Jonathandunn Text Analytics Save

Basic text analytics and natural language processing in Python

Project README

text_analytics

Basic computational linguistics and natural language processing in Python.

pip install textanalytics

pip install git+https://github.com/jonathandunn/text_analytics.git

This package provides code to support introductory courses in computational linguistics or natural language processing. These courses are available free on edX:

Introduction to Text Analytics and Natural Language Processing with Python

Visualizing Text Analytics and Natural Language Processing with Python

Usage

from text_analytics import TextAnalytics

ai = TextAnalytics()

Getting features

style, vocab_size = ai.get_features(df, features="style")

style = Function word n-grams

sentiment = Positive and negative words

content = Top content words with TD-IDF weighting, PMI for finding phrases, no stop words

constructions = A bag-of-constructions syntactic representation

Using a classifier

ai.shallow_classification(df, label, features="style", cv=False, classifier='svm')

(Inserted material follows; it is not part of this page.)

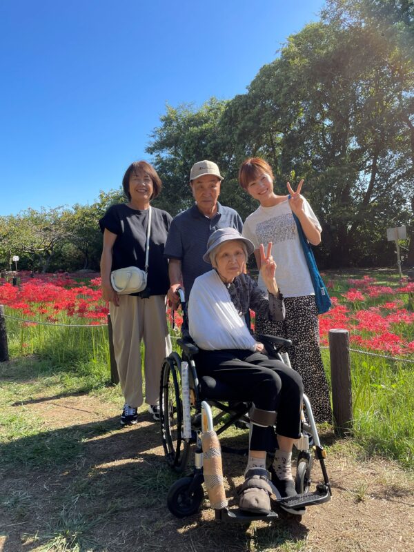 実習生さんも今回の外出を通し、外出支援の大切さなど多くの事を学ばれていました。未来の介護福祉士さんとして今回の外出支援を通してたくさんのことを学ばせていただきました。N様・ご家族様、ありがとうございました。
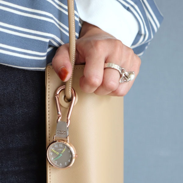 カバンに付けると時間のチェックがしやすく、ファッションのポイントにもなります。

ai.mlp(df, label, features="style", validation_set=False, test_size=0.10)

Unsupervised methods

Topic Models

ai.train_lda(df, n_topics, min_count)
    
topic_df = ai.use_lda(df, labels="Author")

Vector Semantics

ai.train_word2vec(file, min_count, workers)

Document and Word Clusters

cluster_df = ai.cluster(x, y=None, k)

*Nearest document searches

 y_sample, y_closest = ai.linguistic_distance(x, y, sample=1, n=3)

Corpus Descriptions

PMI-based Phrases

ai.fit_phrases(df)

Delta P-based Phrases

association_df = ai.get_association(df, min_count = 1, save_phraser = True)

Basic word frequencies

vocab = ai._get_vocab_list(df, min_count, return_freq = True)

Corpus Comparisons

similarity = ai.get_corpus_similarity(df1, df2)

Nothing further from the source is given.